Show every line below where "protective" can be found.

» Data items:
::::
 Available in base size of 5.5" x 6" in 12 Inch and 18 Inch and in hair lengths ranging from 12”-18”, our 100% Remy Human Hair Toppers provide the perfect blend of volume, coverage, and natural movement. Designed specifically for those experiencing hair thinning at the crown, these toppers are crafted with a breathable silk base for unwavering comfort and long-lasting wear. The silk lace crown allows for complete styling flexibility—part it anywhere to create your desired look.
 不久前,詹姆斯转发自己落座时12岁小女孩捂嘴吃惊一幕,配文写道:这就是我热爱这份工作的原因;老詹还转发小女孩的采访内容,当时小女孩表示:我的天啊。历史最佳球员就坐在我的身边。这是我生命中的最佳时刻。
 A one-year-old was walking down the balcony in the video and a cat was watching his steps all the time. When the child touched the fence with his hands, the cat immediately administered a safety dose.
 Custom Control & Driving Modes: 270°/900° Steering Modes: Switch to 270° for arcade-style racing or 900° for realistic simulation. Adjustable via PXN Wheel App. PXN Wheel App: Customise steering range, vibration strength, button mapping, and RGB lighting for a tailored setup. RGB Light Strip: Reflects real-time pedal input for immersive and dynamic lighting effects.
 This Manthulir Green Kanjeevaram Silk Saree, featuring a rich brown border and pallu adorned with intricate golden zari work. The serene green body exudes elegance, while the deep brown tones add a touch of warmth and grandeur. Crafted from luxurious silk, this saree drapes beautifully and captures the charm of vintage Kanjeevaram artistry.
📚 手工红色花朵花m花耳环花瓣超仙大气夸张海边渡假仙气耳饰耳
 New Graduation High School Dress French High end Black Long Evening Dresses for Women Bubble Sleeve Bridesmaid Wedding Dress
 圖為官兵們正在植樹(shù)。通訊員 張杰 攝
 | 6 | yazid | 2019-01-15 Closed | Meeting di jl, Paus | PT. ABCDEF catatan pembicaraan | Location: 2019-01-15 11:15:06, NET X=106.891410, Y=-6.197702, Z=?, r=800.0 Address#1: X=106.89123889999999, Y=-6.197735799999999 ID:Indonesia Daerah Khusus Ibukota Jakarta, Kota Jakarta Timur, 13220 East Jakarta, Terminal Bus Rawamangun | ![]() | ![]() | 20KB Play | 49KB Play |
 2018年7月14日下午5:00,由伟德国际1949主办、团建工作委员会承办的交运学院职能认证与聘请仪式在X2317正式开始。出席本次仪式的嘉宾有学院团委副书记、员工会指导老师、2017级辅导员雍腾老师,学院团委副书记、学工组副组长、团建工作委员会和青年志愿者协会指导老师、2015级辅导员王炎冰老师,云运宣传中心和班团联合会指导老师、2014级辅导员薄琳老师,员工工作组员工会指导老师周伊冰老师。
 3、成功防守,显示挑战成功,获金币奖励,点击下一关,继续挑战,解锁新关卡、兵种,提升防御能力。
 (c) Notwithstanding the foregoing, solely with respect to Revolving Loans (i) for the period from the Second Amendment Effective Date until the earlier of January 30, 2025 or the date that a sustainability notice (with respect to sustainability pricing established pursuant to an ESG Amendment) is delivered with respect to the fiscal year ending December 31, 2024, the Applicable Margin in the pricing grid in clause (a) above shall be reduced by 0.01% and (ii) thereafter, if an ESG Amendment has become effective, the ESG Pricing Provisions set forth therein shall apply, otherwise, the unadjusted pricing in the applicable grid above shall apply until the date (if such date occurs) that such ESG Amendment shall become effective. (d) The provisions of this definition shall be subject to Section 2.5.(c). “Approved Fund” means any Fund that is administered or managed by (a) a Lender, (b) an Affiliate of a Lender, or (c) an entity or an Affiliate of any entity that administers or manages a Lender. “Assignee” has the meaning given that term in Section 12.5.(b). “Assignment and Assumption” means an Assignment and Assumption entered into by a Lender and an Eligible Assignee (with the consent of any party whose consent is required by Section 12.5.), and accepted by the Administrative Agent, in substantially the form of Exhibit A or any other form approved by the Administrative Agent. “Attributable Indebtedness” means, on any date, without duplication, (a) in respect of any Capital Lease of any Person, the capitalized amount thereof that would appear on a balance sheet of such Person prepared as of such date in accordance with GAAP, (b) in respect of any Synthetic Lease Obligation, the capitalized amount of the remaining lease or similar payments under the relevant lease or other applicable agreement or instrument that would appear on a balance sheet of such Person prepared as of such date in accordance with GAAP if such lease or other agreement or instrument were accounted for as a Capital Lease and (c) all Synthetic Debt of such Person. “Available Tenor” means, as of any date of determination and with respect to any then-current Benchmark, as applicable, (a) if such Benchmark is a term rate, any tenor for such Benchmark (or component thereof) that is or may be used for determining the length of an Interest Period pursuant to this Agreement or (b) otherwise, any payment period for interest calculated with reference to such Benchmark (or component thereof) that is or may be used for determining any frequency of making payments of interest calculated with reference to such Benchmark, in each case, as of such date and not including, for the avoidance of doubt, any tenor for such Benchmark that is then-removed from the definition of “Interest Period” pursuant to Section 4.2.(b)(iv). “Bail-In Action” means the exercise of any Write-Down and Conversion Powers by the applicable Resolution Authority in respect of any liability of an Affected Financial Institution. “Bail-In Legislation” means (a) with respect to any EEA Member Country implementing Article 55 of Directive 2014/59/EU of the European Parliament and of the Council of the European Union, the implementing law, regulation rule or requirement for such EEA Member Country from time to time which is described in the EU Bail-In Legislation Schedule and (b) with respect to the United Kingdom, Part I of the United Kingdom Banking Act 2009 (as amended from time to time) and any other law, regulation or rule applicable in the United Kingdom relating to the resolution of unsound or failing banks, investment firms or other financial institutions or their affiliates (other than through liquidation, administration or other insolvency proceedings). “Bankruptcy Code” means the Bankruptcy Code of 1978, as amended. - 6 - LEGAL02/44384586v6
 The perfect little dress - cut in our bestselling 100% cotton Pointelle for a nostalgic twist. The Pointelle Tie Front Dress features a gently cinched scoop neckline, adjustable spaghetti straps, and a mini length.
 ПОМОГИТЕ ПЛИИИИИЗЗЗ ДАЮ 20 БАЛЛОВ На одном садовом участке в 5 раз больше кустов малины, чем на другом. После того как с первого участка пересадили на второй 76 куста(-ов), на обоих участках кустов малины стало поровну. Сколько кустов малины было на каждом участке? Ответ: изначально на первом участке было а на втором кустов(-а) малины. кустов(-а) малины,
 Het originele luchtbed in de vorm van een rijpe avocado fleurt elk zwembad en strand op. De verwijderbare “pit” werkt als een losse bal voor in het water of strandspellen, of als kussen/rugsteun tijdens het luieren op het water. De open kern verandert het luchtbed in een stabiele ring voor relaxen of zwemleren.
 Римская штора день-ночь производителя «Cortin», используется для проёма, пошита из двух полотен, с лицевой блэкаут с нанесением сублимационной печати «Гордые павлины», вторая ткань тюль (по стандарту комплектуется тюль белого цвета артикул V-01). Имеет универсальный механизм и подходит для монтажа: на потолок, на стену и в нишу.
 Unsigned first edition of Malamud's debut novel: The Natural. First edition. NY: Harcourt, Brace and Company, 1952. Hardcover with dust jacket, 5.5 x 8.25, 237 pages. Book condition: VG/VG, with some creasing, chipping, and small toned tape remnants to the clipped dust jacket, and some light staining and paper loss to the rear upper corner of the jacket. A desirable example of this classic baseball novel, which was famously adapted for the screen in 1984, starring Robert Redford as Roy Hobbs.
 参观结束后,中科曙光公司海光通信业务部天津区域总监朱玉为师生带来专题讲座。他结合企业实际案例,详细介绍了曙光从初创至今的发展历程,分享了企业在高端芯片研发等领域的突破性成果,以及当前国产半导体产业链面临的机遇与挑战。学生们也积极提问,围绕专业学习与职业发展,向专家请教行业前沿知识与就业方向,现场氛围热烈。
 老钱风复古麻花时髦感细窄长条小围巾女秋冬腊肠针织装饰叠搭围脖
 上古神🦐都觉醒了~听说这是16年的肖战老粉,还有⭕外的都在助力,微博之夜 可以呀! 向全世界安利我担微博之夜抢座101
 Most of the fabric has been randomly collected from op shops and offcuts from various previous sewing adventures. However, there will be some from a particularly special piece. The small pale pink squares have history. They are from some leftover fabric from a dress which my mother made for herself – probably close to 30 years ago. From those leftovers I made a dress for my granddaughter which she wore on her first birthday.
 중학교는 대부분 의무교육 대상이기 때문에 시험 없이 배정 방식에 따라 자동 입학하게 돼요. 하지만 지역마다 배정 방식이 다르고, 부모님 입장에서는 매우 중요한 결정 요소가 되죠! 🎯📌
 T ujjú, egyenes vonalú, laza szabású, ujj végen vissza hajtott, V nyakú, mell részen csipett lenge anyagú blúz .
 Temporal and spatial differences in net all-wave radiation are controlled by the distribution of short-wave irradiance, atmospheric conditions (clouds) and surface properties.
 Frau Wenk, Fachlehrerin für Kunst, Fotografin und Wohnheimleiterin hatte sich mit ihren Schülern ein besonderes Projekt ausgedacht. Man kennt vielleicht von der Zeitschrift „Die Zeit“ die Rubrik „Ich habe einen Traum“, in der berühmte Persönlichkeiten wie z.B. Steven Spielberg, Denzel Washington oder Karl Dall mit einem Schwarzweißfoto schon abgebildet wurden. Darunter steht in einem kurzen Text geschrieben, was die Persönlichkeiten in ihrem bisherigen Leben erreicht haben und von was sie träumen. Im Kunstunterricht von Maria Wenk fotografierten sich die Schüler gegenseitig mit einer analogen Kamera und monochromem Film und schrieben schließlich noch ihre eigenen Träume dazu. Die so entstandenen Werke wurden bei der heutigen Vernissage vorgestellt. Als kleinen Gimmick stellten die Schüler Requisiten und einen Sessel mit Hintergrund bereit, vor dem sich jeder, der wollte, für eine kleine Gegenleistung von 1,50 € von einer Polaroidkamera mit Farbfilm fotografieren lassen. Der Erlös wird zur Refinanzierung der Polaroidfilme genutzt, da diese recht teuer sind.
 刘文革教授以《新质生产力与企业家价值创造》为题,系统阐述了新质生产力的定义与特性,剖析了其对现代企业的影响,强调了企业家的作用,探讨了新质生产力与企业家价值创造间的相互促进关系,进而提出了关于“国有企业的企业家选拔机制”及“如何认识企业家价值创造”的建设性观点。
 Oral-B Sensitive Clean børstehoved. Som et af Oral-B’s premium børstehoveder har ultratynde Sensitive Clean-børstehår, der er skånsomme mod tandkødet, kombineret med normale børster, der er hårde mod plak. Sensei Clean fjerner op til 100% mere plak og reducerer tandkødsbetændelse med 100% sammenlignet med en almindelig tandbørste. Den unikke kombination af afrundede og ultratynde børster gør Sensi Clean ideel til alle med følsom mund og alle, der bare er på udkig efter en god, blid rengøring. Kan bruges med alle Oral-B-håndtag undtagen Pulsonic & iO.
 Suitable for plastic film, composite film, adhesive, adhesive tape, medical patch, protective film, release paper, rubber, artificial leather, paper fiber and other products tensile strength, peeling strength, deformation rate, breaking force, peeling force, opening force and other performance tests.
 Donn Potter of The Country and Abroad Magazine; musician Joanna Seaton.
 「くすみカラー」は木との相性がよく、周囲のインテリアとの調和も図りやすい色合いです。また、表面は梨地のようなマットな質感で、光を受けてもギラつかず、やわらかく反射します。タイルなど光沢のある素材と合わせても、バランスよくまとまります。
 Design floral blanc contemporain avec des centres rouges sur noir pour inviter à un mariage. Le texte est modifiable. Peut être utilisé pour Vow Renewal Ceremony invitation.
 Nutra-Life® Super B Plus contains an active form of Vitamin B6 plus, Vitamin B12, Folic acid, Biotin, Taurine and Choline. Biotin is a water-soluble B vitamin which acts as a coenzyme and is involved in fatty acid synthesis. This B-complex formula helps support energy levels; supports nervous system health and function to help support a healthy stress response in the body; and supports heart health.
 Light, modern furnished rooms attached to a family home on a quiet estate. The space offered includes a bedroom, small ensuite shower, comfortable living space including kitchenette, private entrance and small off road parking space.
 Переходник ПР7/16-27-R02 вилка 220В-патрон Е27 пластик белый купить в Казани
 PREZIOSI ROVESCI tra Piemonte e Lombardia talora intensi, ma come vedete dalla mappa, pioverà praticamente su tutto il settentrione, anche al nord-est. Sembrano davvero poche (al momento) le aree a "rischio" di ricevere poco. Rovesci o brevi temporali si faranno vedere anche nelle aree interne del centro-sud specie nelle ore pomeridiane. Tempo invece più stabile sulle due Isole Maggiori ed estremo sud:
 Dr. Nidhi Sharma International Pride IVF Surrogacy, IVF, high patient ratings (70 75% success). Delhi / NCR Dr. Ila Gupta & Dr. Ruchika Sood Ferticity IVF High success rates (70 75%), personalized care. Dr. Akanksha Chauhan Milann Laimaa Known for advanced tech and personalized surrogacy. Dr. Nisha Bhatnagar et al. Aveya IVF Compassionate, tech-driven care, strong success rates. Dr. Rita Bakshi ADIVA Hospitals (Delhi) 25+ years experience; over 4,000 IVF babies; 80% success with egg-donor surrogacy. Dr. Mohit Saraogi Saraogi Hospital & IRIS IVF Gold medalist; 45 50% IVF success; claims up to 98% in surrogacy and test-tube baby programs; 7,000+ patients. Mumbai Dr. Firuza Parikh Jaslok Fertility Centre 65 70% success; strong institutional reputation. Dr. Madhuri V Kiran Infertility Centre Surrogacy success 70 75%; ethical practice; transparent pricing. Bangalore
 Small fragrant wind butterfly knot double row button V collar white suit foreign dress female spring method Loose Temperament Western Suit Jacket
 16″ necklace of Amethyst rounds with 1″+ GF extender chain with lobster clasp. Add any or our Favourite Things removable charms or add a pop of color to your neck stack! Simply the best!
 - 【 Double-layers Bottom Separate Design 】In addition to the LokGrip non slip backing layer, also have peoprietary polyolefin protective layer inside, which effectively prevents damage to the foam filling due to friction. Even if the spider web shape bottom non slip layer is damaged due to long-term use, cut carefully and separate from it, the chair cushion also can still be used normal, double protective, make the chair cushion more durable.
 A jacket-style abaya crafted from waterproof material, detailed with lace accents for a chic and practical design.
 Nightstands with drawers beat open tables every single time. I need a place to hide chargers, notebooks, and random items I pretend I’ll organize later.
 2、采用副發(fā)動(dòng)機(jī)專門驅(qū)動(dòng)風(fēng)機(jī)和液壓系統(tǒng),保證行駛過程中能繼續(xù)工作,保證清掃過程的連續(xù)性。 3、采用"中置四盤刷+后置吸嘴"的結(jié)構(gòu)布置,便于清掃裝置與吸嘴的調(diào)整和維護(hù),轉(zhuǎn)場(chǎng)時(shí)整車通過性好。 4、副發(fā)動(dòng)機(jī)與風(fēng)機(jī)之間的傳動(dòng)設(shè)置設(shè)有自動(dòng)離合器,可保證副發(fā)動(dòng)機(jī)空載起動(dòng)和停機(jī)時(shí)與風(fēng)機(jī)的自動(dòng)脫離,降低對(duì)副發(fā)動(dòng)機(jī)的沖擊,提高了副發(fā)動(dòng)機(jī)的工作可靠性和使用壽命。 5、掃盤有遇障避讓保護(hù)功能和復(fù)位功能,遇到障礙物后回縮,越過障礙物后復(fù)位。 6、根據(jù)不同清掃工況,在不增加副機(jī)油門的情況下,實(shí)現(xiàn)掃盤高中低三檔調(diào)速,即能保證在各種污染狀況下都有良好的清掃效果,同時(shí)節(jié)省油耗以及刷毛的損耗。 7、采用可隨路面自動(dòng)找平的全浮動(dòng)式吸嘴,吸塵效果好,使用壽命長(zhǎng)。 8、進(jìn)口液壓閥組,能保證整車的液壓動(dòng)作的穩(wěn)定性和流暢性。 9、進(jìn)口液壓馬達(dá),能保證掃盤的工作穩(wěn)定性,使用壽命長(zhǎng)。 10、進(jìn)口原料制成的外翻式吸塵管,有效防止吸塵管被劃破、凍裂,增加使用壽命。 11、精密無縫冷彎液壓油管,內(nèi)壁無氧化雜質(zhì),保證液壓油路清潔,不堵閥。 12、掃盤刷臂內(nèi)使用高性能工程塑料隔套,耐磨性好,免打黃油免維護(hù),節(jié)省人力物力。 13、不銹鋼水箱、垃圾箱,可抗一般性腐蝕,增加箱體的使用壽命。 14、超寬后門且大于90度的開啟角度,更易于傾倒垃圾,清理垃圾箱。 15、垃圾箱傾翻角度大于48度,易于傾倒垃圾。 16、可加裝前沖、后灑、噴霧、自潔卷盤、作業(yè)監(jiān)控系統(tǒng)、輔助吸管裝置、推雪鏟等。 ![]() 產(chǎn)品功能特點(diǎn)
::::
» WRITTEN SOLUTION:
 Suitable for plastic film, composite film, adhesive, adhesive tape, medical patch, protective film, release paper, rubber, artificial leather, paper fiber and other products tensile strength, peeling strength, deformation rate, breaking force, peeling force, opening force and other performance tests.
 - 【 Double-layers Bottom Separate Design 】In addition to the LokGrip non slip backing layer, also have peoprietary polyolefin protective layer inside, which effectively prevents damage to the foam filling due to friction. Even if the spider web shape bottom non slip layer is damaged due to long-term use, cut carefully and separate from it, the chair cushion also can still be used normal, double protective, make the chair cushion more durable.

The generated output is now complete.